● **ASSIGNED TASK**
Using the entries that follow, transcribe only the lines from the line with "Bali troffen we" to the line with "意味不明あだ名 | 『ときわだいらフォーエバー』 |", both included, exactly as they stand and without pictures.
-------- EXCERPTED RECORDS --------
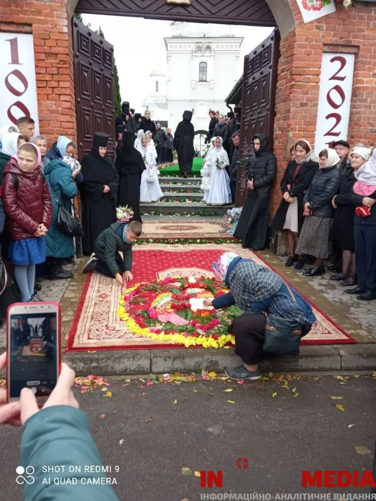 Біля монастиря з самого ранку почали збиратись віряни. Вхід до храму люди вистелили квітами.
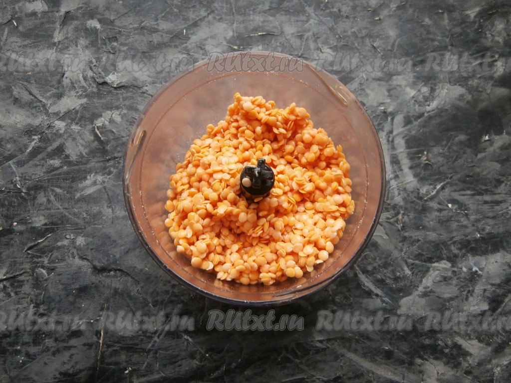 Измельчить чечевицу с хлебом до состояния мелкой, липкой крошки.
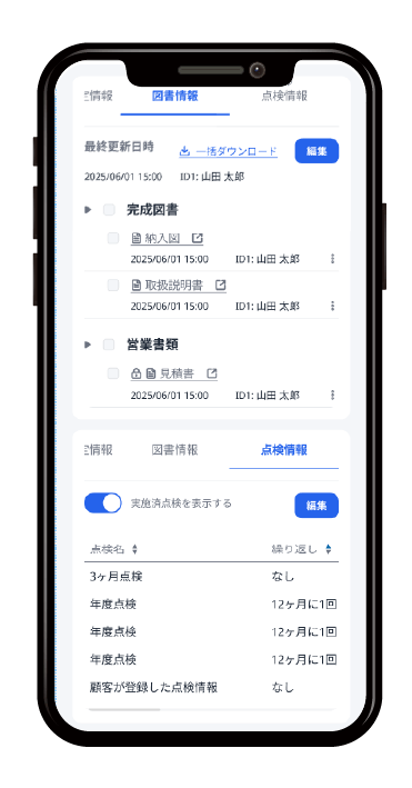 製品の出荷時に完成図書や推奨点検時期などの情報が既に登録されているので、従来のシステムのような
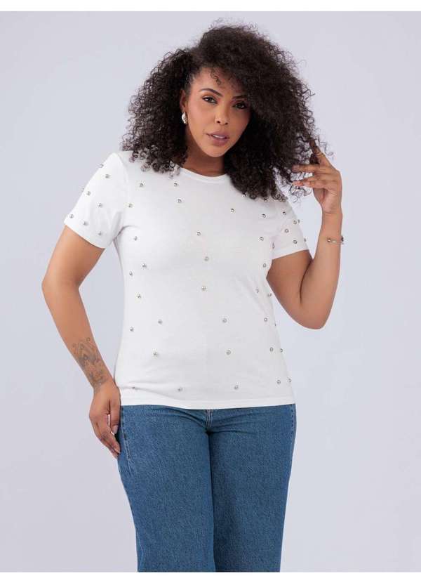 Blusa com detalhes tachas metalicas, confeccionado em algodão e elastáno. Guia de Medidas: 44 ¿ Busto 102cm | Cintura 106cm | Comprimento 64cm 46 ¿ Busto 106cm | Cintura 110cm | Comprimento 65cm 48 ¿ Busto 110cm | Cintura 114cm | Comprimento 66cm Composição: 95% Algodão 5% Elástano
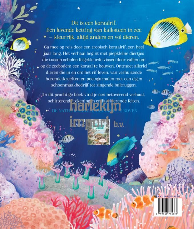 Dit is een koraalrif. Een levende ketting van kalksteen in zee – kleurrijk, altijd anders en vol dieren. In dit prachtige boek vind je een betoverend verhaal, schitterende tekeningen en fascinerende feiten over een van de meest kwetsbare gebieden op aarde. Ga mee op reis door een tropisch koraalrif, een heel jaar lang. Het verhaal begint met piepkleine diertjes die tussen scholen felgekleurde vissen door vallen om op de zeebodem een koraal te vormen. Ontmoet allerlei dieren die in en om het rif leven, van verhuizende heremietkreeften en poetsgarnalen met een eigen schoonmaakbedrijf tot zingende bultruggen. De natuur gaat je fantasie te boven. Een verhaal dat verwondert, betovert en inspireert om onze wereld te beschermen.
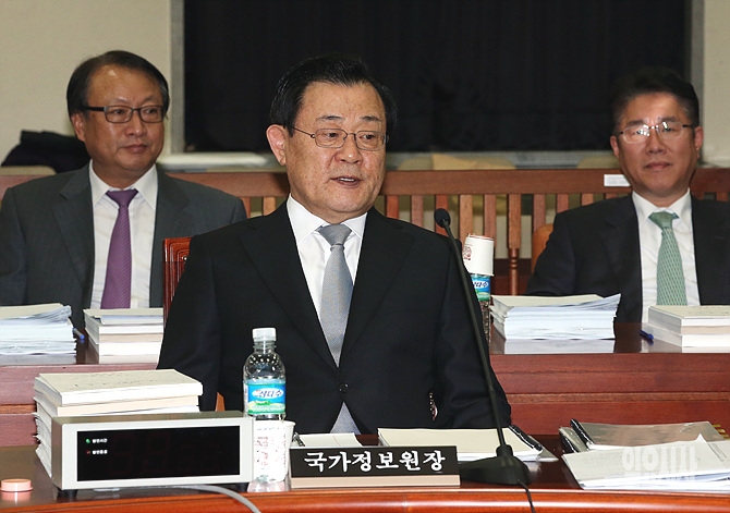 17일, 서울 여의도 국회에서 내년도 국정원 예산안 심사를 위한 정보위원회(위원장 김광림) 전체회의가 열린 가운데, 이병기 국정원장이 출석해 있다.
--------
-------- EXCERPTED RECORDS --------
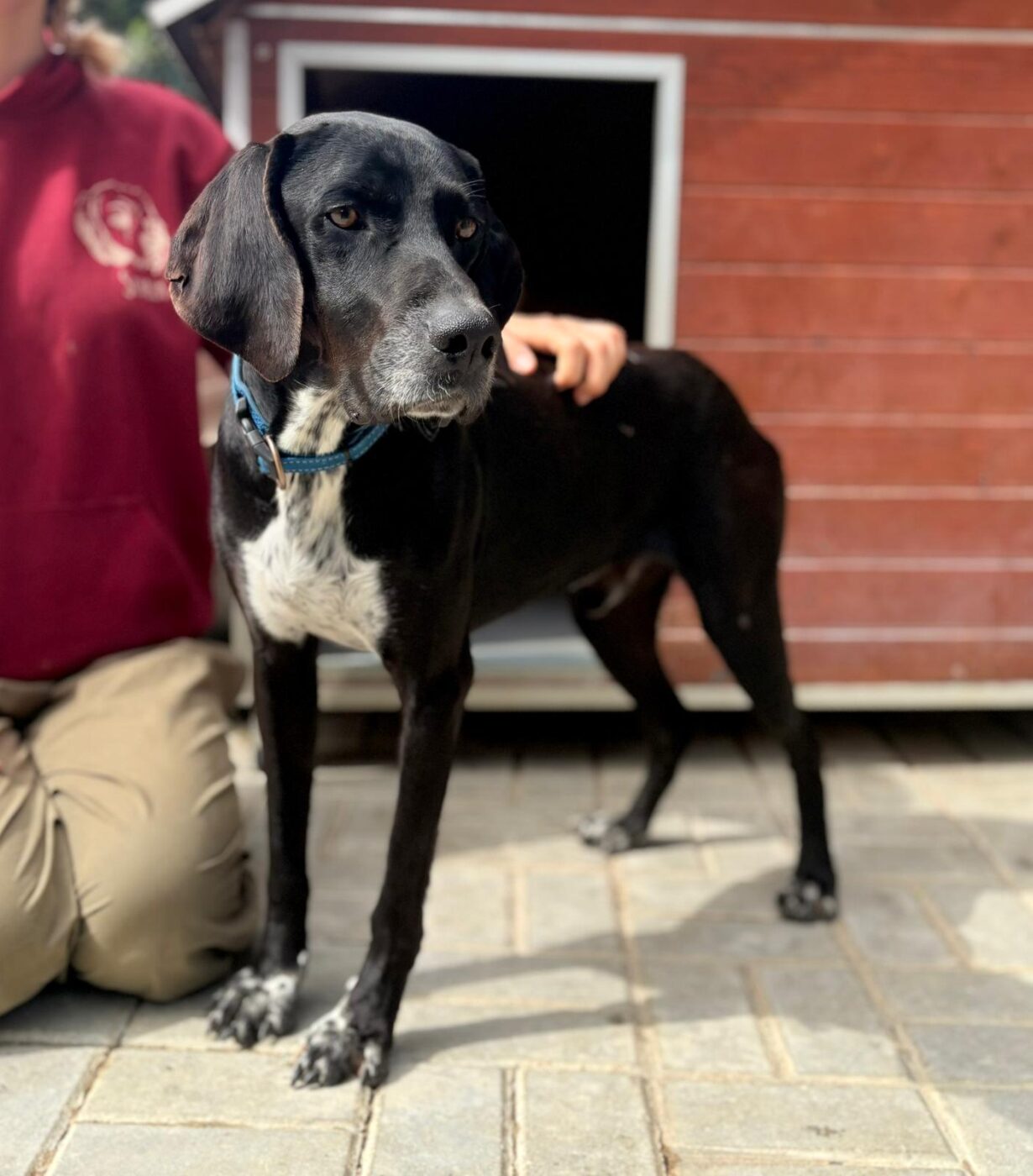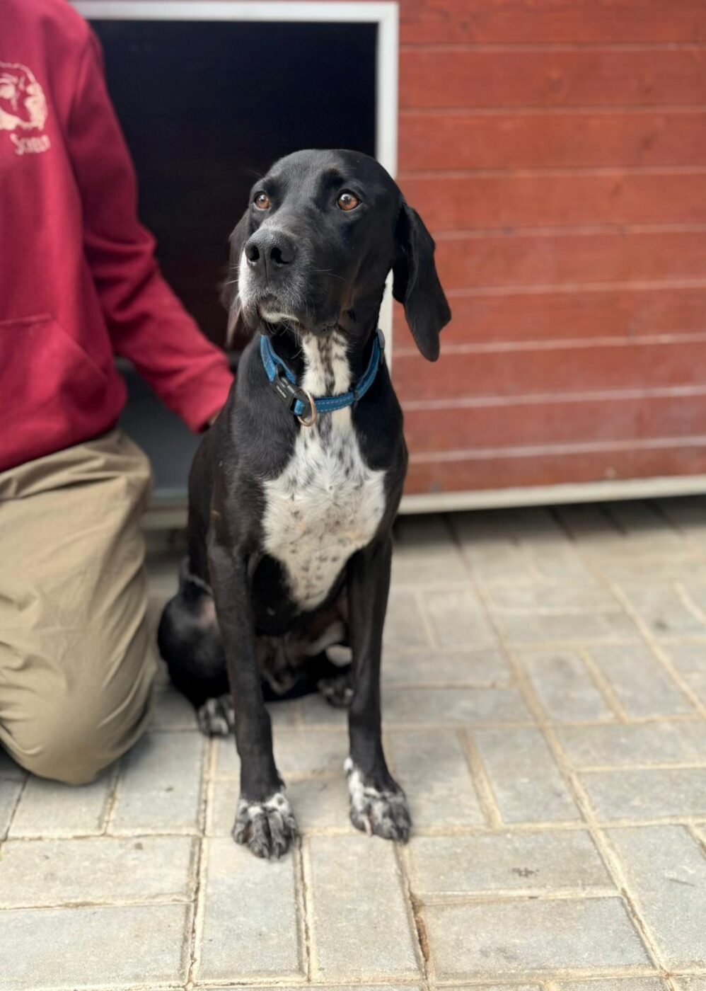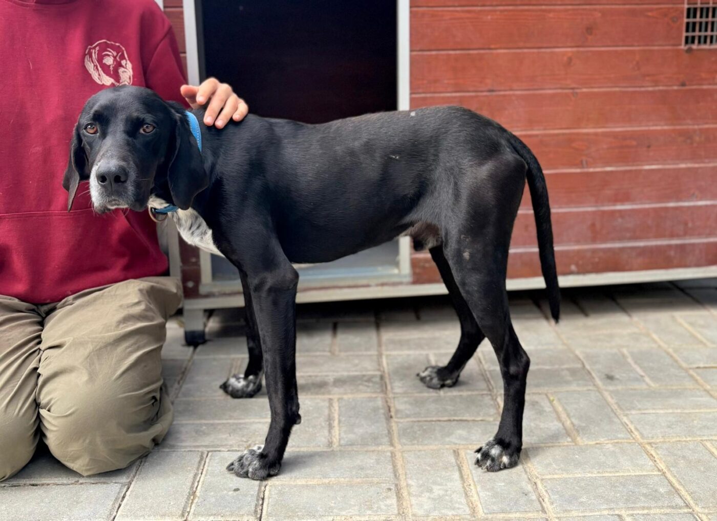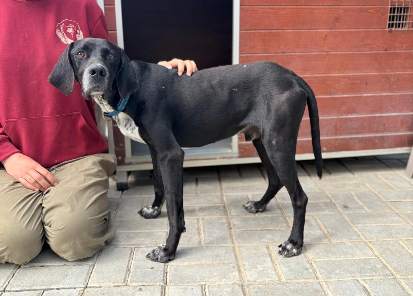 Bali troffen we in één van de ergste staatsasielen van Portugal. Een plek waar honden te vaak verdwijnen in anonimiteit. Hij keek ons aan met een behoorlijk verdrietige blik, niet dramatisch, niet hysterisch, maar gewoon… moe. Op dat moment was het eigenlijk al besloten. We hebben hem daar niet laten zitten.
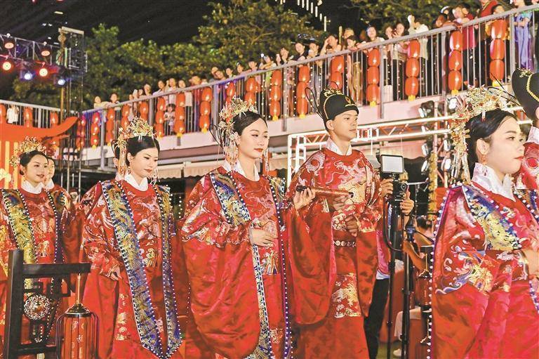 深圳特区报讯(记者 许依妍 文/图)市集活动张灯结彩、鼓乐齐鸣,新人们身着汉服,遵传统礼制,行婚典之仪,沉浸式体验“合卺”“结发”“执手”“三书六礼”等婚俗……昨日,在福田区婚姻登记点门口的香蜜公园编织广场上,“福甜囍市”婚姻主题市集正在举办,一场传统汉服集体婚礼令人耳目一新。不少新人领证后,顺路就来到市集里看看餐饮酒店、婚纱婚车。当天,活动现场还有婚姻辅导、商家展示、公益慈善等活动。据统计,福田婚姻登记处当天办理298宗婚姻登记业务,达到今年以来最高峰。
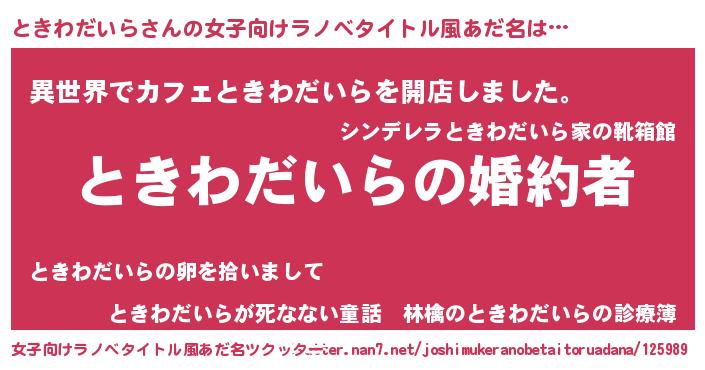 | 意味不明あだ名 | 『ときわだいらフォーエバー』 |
--------
● **ANSWER FOR THIS EXERCISE**
 Bali troffen we in één van de ergste staatsasielen van Portugal. Een plek waar honden te vaak verdwijnen in anonimiteit. Hij keek ons aan met een behoorlijk verdrietige blik, niet dramatisch, niet hysterisch, maar gewoon… moe. Op dat moment was het eigenlijk al besloten. We hebben hem daar niet laten zitten.
 深圳特区报讯(记者 许依妍 文/图)市集活动张灯结彩、鼓乐齐鸣,新人们身着汉服,遵传统礼制,行婚典之仪,沉浸式体验“合卺”“结发”“执手”“三书六礼”等婚俗……昨日,在福田区婚姻登记点门口的香蜜公园编织广场上,“福甜囍市”婚姻主题市集正在举办,一场传统汉服集体婚礼令人耳目一新。不少新人领证后,顺路就来到市集里看看餐饮酒店、婚纱婚车。当天,活动现场还有婚姻辅导、商家展示、公益慈善等活动。据统计,福田婚姻登记处当天办理298宗婚姻登记业务,达到今年以来最高峰。
 | 意味不明あだ名 | 『ときわだいらフォーエバー』 |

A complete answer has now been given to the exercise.